When Boyle dons his race kit, the 36 blood donors who saved his life are not far from his mind.

“It’s also very meaningful to go into my races with the Red Cross logo and 36 red crosses on my race suit because I run in these events to show my appreciation and raise awareness on the importance of blood donation,” he says.

While Boyle had not donated blood before his accident, he remembers his mother donating hers. After the accident, he has been fully converted.

“It was about a month after getting home from the 2007 Hawaii Ironman triathlon in October of that year when I became a Red Cross volunteer as a way to show my gratitude to my 36 blood donors and to the American Red Cross for playing such an important role in my recovery,” he remembers. “I started volunteering on a frequent basis from that point on and hosted my first blood drive at my hospital in 2009, which was very special because my dad also donated at the drive as well as one of my cardiac surgeons.”

In the decade after Kona, Boyle volunteered more than 4,000 hours across the country, hosting blood drives, speaking about the importance of blood donation, visiting with schools and colleges, and racing in endurance events — with those 36 small red crosses representing his blood donors.

Now Boyle works for the American Red Cross as its officer of National Partnerships in Biomedical Services.

The ‘Why’ of his running

Thoughts of his accident, subsequent coma and dramatic recovery are always with him.

“I run for many reasons, and I often reflect back to when I was in the coma, feeling as if I was trapped in my own body, where I could see and hear but was completely paralyzed for two months,” Boyle says. “As the recovery continued, I remember how walking was not guaranteed due to my extensive injuries.
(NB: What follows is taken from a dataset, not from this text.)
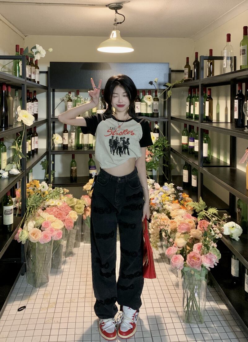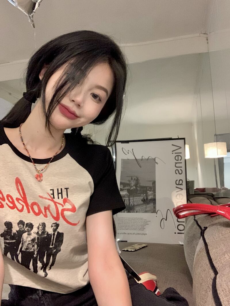 アメリカンスタイルのカラーブロッキング半袖プリントタイトTシャツ女性の夏の純粋な欲望レトロな小さな短い薄いトップ ショート サマー 夏物 ピュア bstraw30585970944 | beaute25

I just kept working hard at it and pursuing my physical therapy sessions on a daily basis.

“Every time I lace up my shoes for a run, I reflect on these memories for my motivation, and it inspires me to get outdoors, breathe in the fresh air, feel my heart racing, and to be grateful to everyone who has been a part of my journey. I find it to almost be an active state of meditation when I’m out on the trails, and it gives me time to reflect on how great life is and lucky I am.”

Speed drill Name: Brian Boyle Hometown: Welcome, Md. Number of years running: 11 Point of pride: Running each race for the Red Cross and my 36 blood donors that helped save my life in 2004 Favorite race distance: I’ve always enjoyed the marathon distance, but over the years I’ve also started to get involved at the 100 mile distance which has been incredible too Favorite piece of running gear: Nathan SpeedShot Plus Handheld Flask Favorite or inspirational song to run to: “On a Roll” by 311 Favorite or inspirational mantra/phrase: You don’t know how strong you are until being strong is the only choice you have. Non-athletic accomplishment: I just finished working on a children’s picture book about running/triathlon called Swim Bark Run. It’s a light hearted story about dogs putting together a race of their own - a dogathlon. It is currently online for pre-sale now and will be available in the bookstores in June.